INFO FRANCE INTER. La justice étudie la possibilité de retransmettre les grands procès via une web-télé pour les parties civiles

Le tribunal de grande instance de Paris a fait cette proposition au ministère de la Justice pour suivre les débats depuis un ordinateur personnel, révèle mercredi France Inter.

Le ministère de la Justice à Paris (illustration). 
Le ministère de la Justice à Paris (illustration).  (ALEXIS SCIARD / MAXPPP)
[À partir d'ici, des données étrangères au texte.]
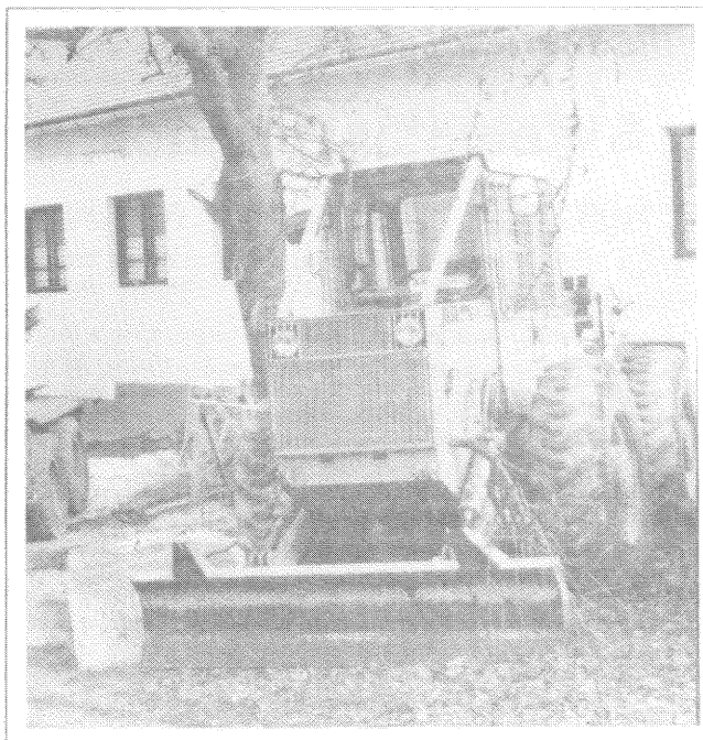
A társerdészetek gyakran másutt javíttatják a gépeiket.

Természetesen nem csak kívülről várunk segítséget. Mi is

La justice française étudie techniquement et juridiquement l’idée d’une sorte de web télé à destination des parties lors de grands procès, comme celui du Mediator ou des attentats de janvier 2015 ou du 13-Novembre, révèle France Inter mercredi 5 décembre. "La justice doit changer de braquet", selon le président du tribunal de grande instance (TGI) de Paris, à l'origine de cette proposition. L’idée est soutenue par la Cour d’appel de Paris.

Connexion sécurisée

Le TGI de Paris a proposé à la Chancellerie de retransmettre en direct des audiences, par le biais d’une connexion vidéo sécurisée réservée aux différentes parties. Ainsi, elles pourraient suivre les débats depuis leur ordinateur personnel. Le président, Jean-Michel Hayat, met en avant cette solution qu’il juge économique et pratique puisque les victimes ont parfois des difficultés à se déplacer.

Le nouveau palais de justice des Batignolles n’est pas dimensionné pour accueillir tous les acteurs de certains grands procès. Par exemple, dans le procès du Mediator, il y a 2 400 parties civiles, victimes du médicament des laboratoires Servier, et près de 300 avocats.
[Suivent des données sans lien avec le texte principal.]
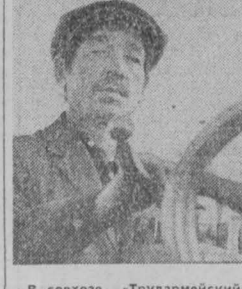
В совхозе «Трудармейский» на линейке готовности заняли свое место все посевные и почвообрабатывающие машины. Хорошо идет ремонт тракторов и зерноуборочных комбайнов.

К середине декабря совхозы и колхозы области внесли под урожай будущего года 1 372 тысячи тонн мела удобрений — 72 процента к заданию. В работу включены 171 механизированный отряд. Полевые Юргинского района успешно выполнили план, но работу по вывозке перегноя не прекращают. Высших темпов достигли хозяйства Ижморского, Ленинск-Кузнецкого, Тяжинского районов, по-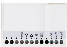
ART NR 210965-ER Dry contact transmitter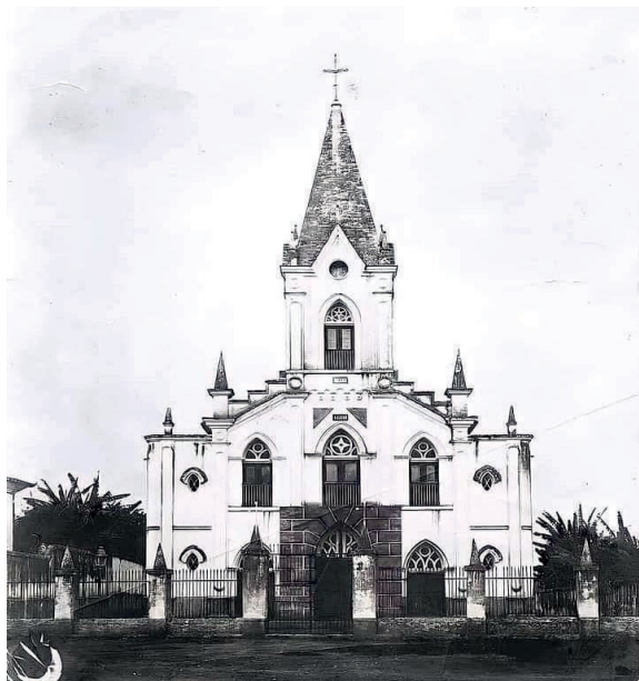
FIGURA 11 – Nova Igreja da Matriz de Carmo da Mata (c. 1920).

Une autre piste a été étudiée, la possibilité de retransmettre l’audience qui se déroulera à Paris, en vidéo, dans les tribunaux de France. Sauf, que dans la réalité, les palais de justice en région n’ont pas forcément les moyens d'avoir une salle à disposition pour suivre les débats parisiens. Cette proposition semble difficile à appliquer.

"Répondre de manière innovante aux justiciables"
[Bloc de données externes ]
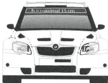
FRONTSCHIEBE LT. ARTIKEL 18.7.4 national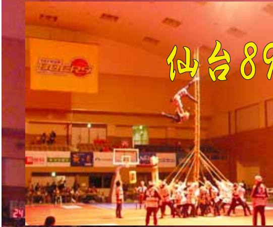
宮城消防団階子乗り隊

11月9日は火災予防週間の初日、この日、仙台3つめのプロスポーツチーム、プロバスケットボールの仙台エィイヶヶズの2006・2007 シーズン開幕第2戦があり、宮城消防団階子乗り隊が仙台消防階子乗りの演技を披露して、仙台市青葉体育館に集まったブースターの前で、火災予防を呼びかけました。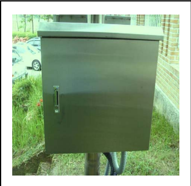
공사설명 9. 발전소 출입구 감시 카메라 합체설치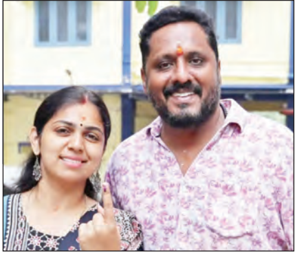
केरलम में वोट देने के बाद मीडिया को स्याही लगी हुई उंगली दिखाते हुए मतदाता।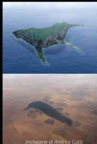
Immagine di Andrea Gatti

Lors de la cérémonie d’installation du nouveau procureur de Paris, mardi 4 décembre, le président du TGI a estimé qu’il fallait "répondre de manière adaptée et probablement innovante à l’attente des justiciables dans le traitement des procédures hors normes". "Il nous faut radicalement changer de braquet, pour répondre à l’attente de centaines, voire de milliers de victimes, face à de multiples prévenus qui s’épuisent également dans des procédures sans fin", a-t-il ajouté, devant la ministre de la Justice, Nicole Belloubet.

Les grands procès des attentats en 2015 en France doivent avoir lieu en 2020-2021, avec 1 700 parties civiles. Selon les informations de France Inter, pour des raisons de sécurité, il n'est pas envisageable que ce procès ait lieu hors les murs du palais de justice. 

Le procès du Levothyrox, pour "défaut d’information", qui a débuté lundi 3 décembre avec 4 113 plaignants, se déroule dans une salle de concert, la salle "Double mixte" à Villeurbanne, près de Lyon.